PEO insurance reserves: As part of the PEO solution, the Company offers workers’ compensation insurance and health insurance to clients for the benefit of client employees. Workers’ compensation insurance is primarily provided under fully insured high deductible workers’ compensation insurance policies. Workers’ compensation insurance reserves are established to provide for the estimated costs of paying claims up to per occurrence liability limits. These reserves also include estimates of certain expenses associated with processing and settling these claims. In establishing the PEO workers’ compensation insurance reserves, the Company uses an independent actuarial estimate of undiscounted future cash payments that would be made to settle claims. The evaluation, review, and determination of estimated ultimate losses by the Company’s appointed actuary are based on actuarial methods and assumptions. The estimated ultimate losses are primarily based upon estimated loss development factors, and other factors such as the nature of employees’ job responsibilities, the historical frequency and severity of workers’ compensation claims, and an estimate of future cost trends. Each reporting period, changes in actuarial assumptions resulting from changes in actual claims experience and other trends are incorporated into our workers’ compensation claims cost estimates. The Company’s maximum individual claims liability under its PEO workers’ compensation insurance policies was $1.0 million for both fiscal 2021 and fiscal 2020.

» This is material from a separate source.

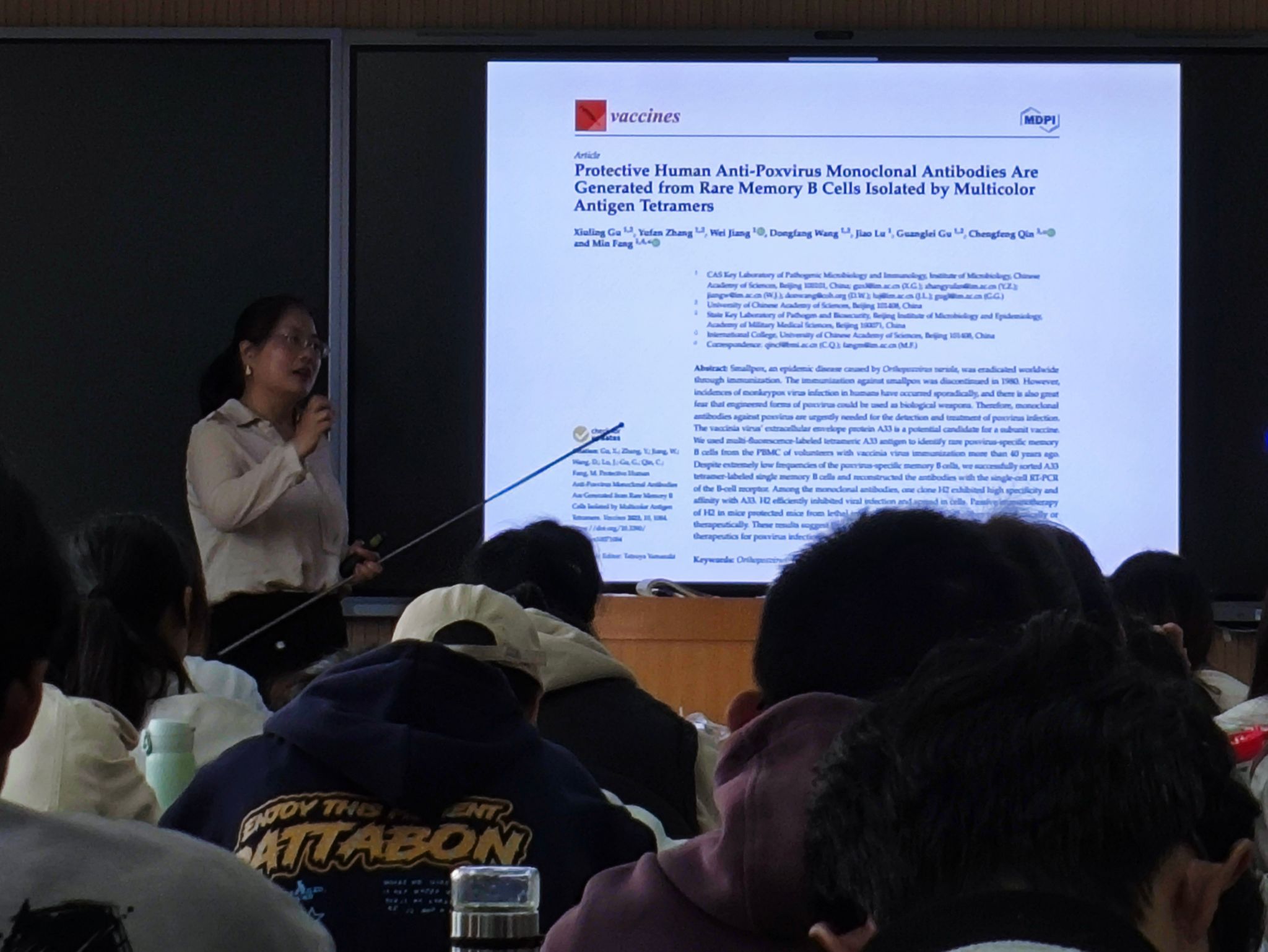 抗体是体液免疫应答的“明星分子”,也是连接基础免疫学与临床转化的重要桥梁。方教授以自己团队发表于《Vaccines》期刊的研究为例,向同学们展示了如何利用多色荧光标记的抗原四聚体技术,从40多年前接种过天花疫苗的志愿者体内,如同大海捞针一般,分选出针对痘苗病毒A33抗原的特异性记忆B细胞,进而通过单细胞RT-PCR等分子生物学技术,成功获得了具有高中和活性的全人源单克隆抗体H2。方教授生动地讲述了该抗体如何在细胞水平有效抑制病毒感染和扩散,并在动物模型中保护小鼠免受致死性攻击。她借此深入浅出地解析了B细胞应答在疫苗研发与抗感染免疫中的关键作用,并鼓励同学们:“从基础理论到抗体药物的诞生,每一步都离不开对免疫学规律的深刻洞察与技术创新。”
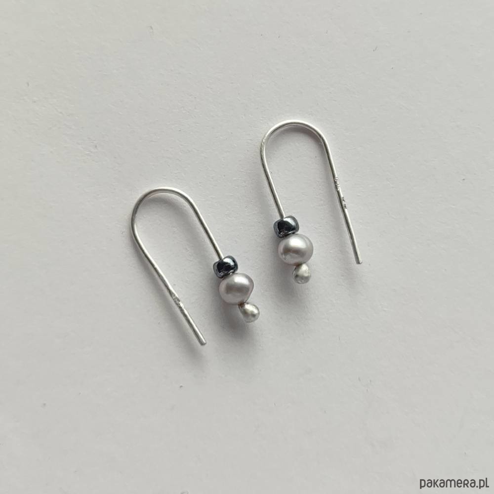 Oryginalność i prostota. OKRĄG - kształt doskonały. Kolekcję cechuje elegancja i prostota jak również ekstrawagancja i indywidualizm. Kolczyki wykonane są z - srebro, Perła słodkowodna srebrna oponka 5x3mm, szklane koraliki. Srebro - zmatowione. Długość ok 1,7 cm.

With respect to the PEO health insurance, the Company offers various health insurance plans that take the form of either fully insured guaranteed cost plans with various national insurance carriers or a fully insured minimum premium insurance arrangement with coverage provided through a single national carrier. In addition, the Company also provides self-insured dental and vision plans to certain of its PEO clients. Under the minimum medical premium insurance arrangement and self-insured dental and vision plans, the Company’s health benefits insurance reserves are established to provide for the payment of claims in accordance with its service contract with the carrier. The claims liability includes estimates for reported losses, plus amounts for those claims incurred but not reported, and estimates of certain expenses associated with processing and settling the claims. The Company’s maximum individual claims liability was $0.3 million under its policies during both fiscal 2021 and fiscal 2020.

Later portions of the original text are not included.